Langkah ini dinilai mendesak demi menghapus beban ganda (double payment) yang selama ini dirasakan oleh masyarakat, khususnya kelompok kelas menengah.
Hal tersebut ditegaskan oleh Pimpinan Baznas Bidang Mobilisasi dan Pengumpulan, Dr Rizaludin Kurniawan, dalam acara Focus Group Discussion (FGD) Jurnalis Filantropi yang digelar bersama Komisi VIII DPR RI, Yayasan Halaqoh Tadarus Alquran, dan Lazismu di Ruang Perpustakaan Gedung Pusat Dakwah Muhammadiyah, Jakarta Pusat, Sabtu (18/7/2026).
Rizaludin mengungkapkan bahwa integrasi ini merupakan aspirasi mendasar dari para donatur dan pembayar zakat (muzaki).

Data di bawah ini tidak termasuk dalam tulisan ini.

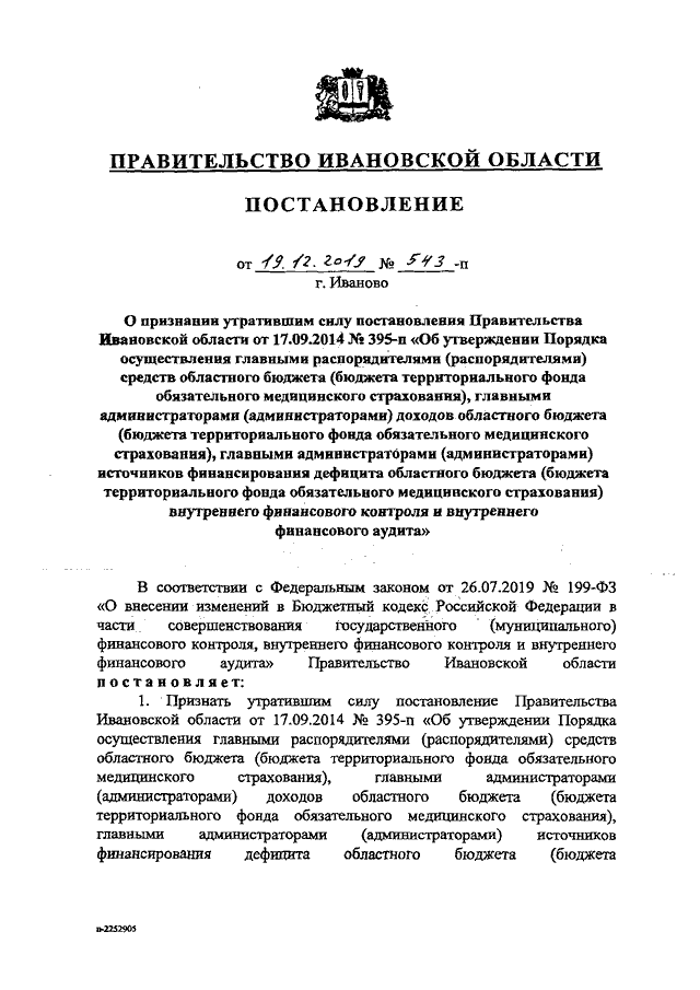 Постановление Правительства Ивановской области от 19.12.2019 N 543-п "О признании утратившим силу постановления Правительства Ивановской области от 17.09.2014 N 395-п "Об утверждении Порядка осуществления главными распорядителями (распорядителями) средств областного бюджета (бюджета территориального фонда обязательного медицинского страхования), главными администраторами (администраторами) доходов областного бюджета (бюджета территориального фонда обязательного медицинского страхования), главными администраторами (администраторами) источников финансирования дефицита областного бюджета (бюджета территориального фонда обязательного медицинского страхования) внутреннего финансового контроля и внутреннего финансового аудита"
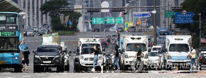 (서울=연합뉴스) 류영석 기자 = 1일 오후 폭염주의보가 발효 중인 서울 여의대로에 아지랑이가 피어오르고 있다.2022.7.1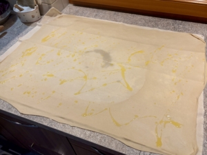 Zubereitung: Alle Zutaten zu einem glatten, geschmeidigen Teig verkneten. Eine Teigkugel formen und glatt schleifen. Anschließend den Teig rundum mit etwas Öl bestreichen, in eine Schüssel legen, mit Frischhaltefolie abdecken und mindestens 30 Minuten ruhen lassen. Ein Strudeltuch oder ein großes, sauberes Geschirrtuch ausbreiten und leicht mit Mehl bestäuben. Den Teig darauf geben, flachdrücken und ebenfalls leicht mit Mehl bestäuben. Anschließend den Teig etwa 1 cm dick rund ausrollen und mit den Handrücken behutsam auf die Größe des Tuchs auseinanderziehen.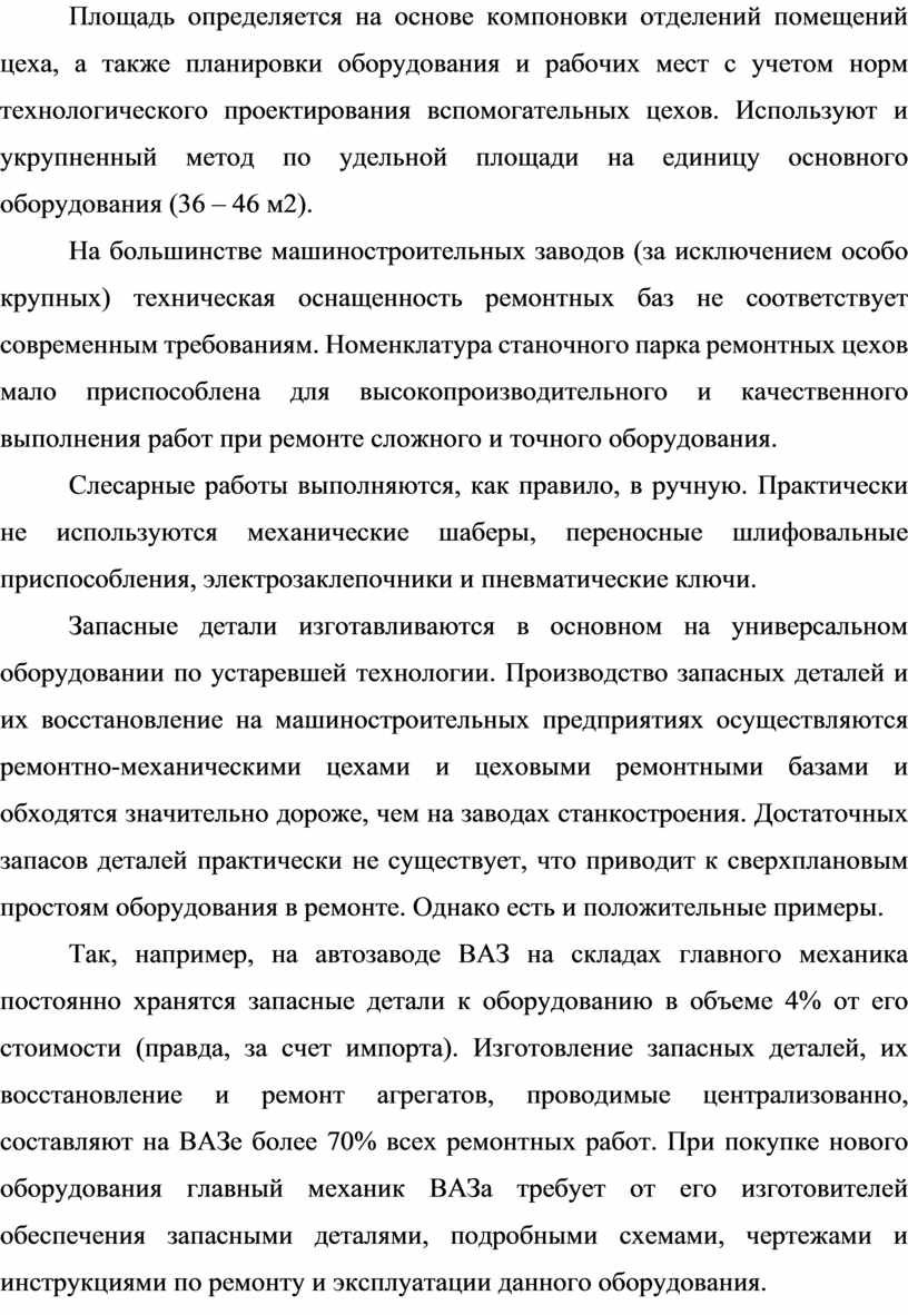 На большинстве машиностроительных заводов (за исключением особо крупных) техническая оснащенность ремонтных баз не соответствует современным требованиям. Номенклатура станочного парка ремонтных цехов мало приспособлена для высокопроизводительного и качественного выполнения работ при ремонте сложного и точного оборудования.

Selama ini, masyarakat dinilai menanggung beban psikologis dan finansial karena harus menunaikan kewajiban agama sekaligus kewajiban negara secara terpisah tanpa adanya skema pemotongan yang komprehensif.
“Dengan adanya ruang ini, para pembayar zakat dan pajak tidak lagi merasa bayar double. Ini adalah perluasan pilihan (choice) bagi masyarakat dan sekaligus pengurangan beban, terutama untuk kelas menengah,” ujar Rizaludin.